- WORK INSTRUCTION
Repeat nothing but the lines below running from the one containing "Q/QZS 0001S-2022 黄米面(黍米面)" to the one containing "<水上 スリムカウンター棚受 300×100×38mm". Keep both end lines.

- EXTRACTED INFORMATION
<<<<

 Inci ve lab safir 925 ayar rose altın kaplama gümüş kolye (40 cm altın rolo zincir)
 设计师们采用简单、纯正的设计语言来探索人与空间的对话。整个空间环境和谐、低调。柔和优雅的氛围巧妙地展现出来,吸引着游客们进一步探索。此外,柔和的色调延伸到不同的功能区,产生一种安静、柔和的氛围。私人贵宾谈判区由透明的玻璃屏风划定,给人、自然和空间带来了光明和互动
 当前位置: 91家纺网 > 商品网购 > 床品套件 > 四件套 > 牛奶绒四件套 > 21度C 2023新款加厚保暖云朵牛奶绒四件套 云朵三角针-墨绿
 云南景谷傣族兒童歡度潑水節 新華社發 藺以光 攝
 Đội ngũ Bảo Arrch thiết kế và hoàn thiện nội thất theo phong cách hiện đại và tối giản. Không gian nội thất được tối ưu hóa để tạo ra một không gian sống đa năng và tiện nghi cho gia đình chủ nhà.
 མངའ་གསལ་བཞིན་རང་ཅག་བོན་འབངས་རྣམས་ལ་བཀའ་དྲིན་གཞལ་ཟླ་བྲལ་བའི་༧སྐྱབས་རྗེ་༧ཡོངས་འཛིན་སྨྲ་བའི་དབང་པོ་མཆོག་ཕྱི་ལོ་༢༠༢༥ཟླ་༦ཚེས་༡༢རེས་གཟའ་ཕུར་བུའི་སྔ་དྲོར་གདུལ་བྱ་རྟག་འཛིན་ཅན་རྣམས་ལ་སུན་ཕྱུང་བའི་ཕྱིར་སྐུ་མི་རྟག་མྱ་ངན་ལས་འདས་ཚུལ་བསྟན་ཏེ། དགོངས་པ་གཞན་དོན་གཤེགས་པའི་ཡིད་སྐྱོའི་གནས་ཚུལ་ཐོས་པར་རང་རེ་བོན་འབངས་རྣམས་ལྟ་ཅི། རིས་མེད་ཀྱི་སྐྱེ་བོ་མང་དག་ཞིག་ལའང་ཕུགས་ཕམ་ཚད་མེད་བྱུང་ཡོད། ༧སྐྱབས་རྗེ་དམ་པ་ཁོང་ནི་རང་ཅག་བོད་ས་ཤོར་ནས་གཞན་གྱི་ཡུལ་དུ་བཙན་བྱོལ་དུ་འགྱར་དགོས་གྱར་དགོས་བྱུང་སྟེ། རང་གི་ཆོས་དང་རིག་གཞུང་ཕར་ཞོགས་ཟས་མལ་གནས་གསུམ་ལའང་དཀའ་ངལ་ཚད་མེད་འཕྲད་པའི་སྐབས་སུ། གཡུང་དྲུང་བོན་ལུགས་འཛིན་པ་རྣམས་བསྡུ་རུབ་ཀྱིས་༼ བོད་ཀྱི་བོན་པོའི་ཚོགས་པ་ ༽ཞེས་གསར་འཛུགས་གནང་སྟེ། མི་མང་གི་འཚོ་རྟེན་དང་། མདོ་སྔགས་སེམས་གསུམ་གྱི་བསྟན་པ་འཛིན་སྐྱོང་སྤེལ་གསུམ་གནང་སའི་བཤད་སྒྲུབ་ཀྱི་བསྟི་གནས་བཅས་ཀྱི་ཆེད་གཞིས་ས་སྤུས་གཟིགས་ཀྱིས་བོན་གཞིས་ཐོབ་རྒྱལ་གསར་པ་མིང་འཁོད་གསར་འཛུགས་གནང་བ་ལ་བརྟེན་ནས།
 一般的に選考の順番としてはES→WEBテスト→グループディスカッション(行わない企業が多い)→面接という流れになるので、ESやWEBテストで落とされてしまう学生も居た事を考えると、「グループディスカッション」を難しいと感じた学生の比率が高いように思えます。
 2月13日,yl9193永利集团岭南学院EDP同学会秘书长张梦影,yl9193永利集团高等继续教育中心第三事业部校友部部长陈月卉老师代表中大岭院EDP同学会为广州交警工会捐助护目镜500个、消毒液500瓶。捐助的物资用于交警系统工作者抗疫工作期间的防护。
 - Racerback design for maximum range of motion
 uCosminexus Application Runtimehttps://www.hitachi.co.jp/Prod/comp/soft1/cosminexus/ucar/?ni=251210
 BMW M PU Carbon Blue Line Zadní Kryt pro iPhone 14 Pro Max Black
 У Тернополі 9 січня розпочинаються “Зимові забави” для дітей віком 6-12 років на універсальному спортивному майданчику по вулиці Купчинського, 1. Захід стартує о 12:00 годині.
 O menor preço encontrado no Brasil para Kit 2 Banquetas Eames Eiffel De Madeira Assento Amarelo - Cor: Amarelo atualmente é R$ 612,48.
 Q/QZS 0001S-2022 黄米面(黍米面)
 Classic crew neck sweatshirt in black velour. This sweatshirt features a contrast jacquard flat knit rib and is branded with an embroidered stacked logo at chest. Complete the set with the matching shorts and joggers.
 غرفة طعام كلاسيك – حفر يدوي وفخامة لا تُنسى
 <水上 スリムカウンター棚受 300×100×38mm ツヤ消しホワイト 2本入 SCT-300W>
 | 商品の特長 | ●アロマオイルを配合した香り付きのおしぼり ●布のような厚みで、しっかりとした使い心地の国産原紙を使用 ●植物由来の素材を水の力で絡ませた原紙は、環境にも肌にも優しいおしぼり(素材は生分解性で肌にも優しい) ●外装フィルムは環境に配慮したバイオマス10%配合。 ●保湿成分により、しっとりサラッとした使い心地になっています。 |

>>>>

- ANSWER TO THIS PROBLEM
 Q/QZS 0001S-2022 黄米面(黍米面)
 Classic crew neck sweatshirt in black velour. This sweatshirt features a contrast jacquard flat knit rib and is branded with an embroidered stacked logo at chest. Complete the set with the matching shorts and joggers.
 غرفة طعام كلاسيك – حفر يدوي وفخامة لا تُنسى
 <水上 スリムカウンター棚受 300×100×38mm ツヤ消しホワイト 2本入 SCT-300W>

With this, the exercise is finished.